During the reindex process, I get these errors for bulk ops:

{'create': {'_id': '15264381',
            '_index': 'accounts_681',
            '_type': '_doc',
            'error': {'caused_by': {'reason': 'unexpected byte [0x08]',
                                    'type': 'illegal_state_exception'},
                      'reason': 'Failed to deserialize response from handler '
                                '[org.elasticsearch.transport.TransportService$ContextRestoreResponseHandler]',
                      'type': 'transport_serialization_exception'},
            'status': 500}}

So far I could reproduce this only when the failing node is the source node (ie it holds the primary shard. If it has only the secondaries, the reindex process could finish).

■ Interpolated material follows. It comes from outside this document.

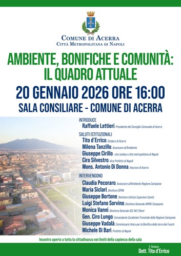 Il convegno pubblico ad Acerra è sul tema "Ambiente, bonifiche e comunità: il quadro attuale", con la partecipazione di vari rappresentanti istituzionali locali e regionali.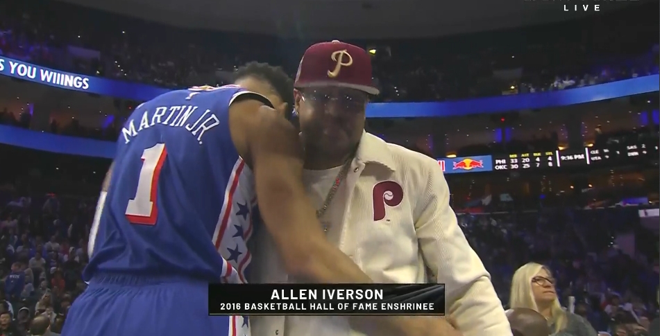 费城宠儿!艾弗森观战76人VS雷霆 现场依旧掌声雷动????

In the data node's log I can see errors which show that there may be some corruption on the transport channel between the primary and the replica: error1.txt

This has many variations, like this: error2.txt

We also use the Java transport client to interact with elasticsearch which shows mangled JSONs being read. We occasionally (I guess when reading from the problematic node and maybe some other conditions) get results like this (it's just part of the whole JSON):

 "eventDates": {
    "registrationDatnatures": {}, 
    "autoReply": {}, 
    "eated": "2016-08-02T11:43:11Z",

Here, registrationDatnatures should be registrationDate and eated should be created. While the above happens to be a fine JSON, its content is not. Sometimes illegal characters (UTF-8 decoding errors) or JSON syntax errors occur. Pretty scary. If I reroute shards from that node, these errors disappear, however during normal operations we have these: error3.txt which shows another node couldn't recover from the failing node.

The machine in question is the same as the other 15, physical nodes and nothing suspicious in the OS logs (which points towards a bad CPU or (ECC) RAM). Previously the cluster was running with JDK 15, but now it was rolled back to 11 to see if that causes the problem, but it still persists.

All machines are equal, they run off from the same image, so I'm not sure what could cause this error, but I think if it would be a HW error, normally it should have other effects as well. Any ideas/debug settings/code are welcome.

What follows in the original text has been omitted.